More on The Psychology of Pain Control

Hydrotherapy today was great, like last time. But actually, this time it hurt a bit more, so I told myself to take it easy. I did some laps after the treatment was finished... what wonderful lightness, and ease with my body.

I finally made the call to the pain clinic. You're not going to believe this, but the waiting list for the pain clinic is two to three months!! And that is the smaller of the two pain clinics in Be'er Sheva. The larger one is at Soroka, and that wait there is ten months to a year! What does that say about the state of humanity? Are we in so much pain? Wow- what a shock. It took me a long time to even push myself enough to make the call. Are so many people in pain for long-term? What are all these people suffering from? There is so much suffering, it's really profound.

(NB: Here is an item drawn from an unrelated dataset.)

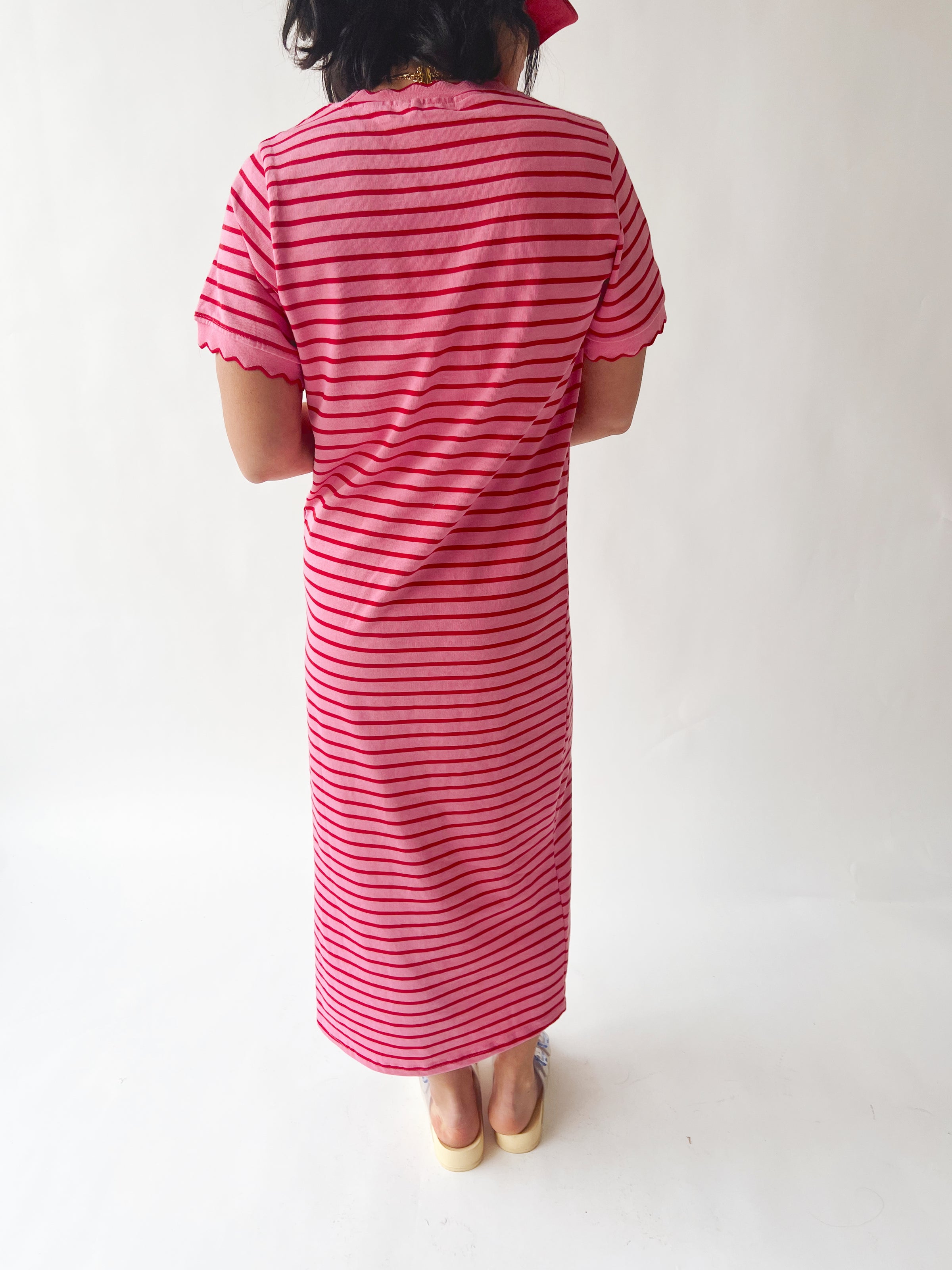 The Shipley Striped T-Shirt Midi Dress in Pink + Red

So, after putting myself on the waiting list, I decided to start on the regimen of getting my body acclimated to the Percocet. Today I did the half pill every 4 hours. I set my phone alarm to tell me. I need the alarm because by the time I feel the pain strong enough to know the Percocet wore off, I am again chasing pain rather than beating it before it beats me. I don't want to use it like an S.O.S. What happens is that if I wait till I am in lots of pain, my whole attitude changes, and I despair, and I wind up not taking it at all. I know that makes no sense, I don't get it myself.

But this is my decision for now, and I have to give it a good try to see if it works.
I don't want to feel like a martyr ("I'll do what I have to do, but I am in pain"),
and I don't want to be a victim ("I suffer because of this stuff that happened to me").

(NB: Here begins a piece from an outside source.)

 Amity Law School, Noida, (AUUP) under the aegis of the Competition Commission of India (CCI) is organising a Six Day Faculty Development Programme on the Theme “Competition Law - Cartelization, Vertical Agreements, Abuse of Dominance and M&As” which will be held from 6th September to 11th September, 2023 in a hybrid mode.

I accept things where they stand. I am trying a new pain control tactic because I have decided to see how life feels with less pain.

I just have to know that I still have this disease even with less pain. It's sort of like, if I feel the full effect of it, and I know I have to take it easy, I have an easier time at not pushing myself. But when the pain is under control, even if it is only by half or so, I tend to feel that I should be doing more in my life. Then I feel like I'm making myself a martyr. Vicious cycle, and I am in the process of reprogramming that operating system.

I still feel that "oogie" sort of nauseous, dizzy feeling with each half pill, so it is not pleasant to be doing this plan, but I hope in a few days that will go away.

I borrowed a cane today from Yad Sarah (a non-profit organization all over Israel that lends out all sorts of health and hospital equipment for patients to use at home).

I'll type that again, just in case the significance got lost in the explanation of the organization...

I borrowed a cane today. My GP suggested it, so I tried it today, and it helped take the pressure off my hip joint.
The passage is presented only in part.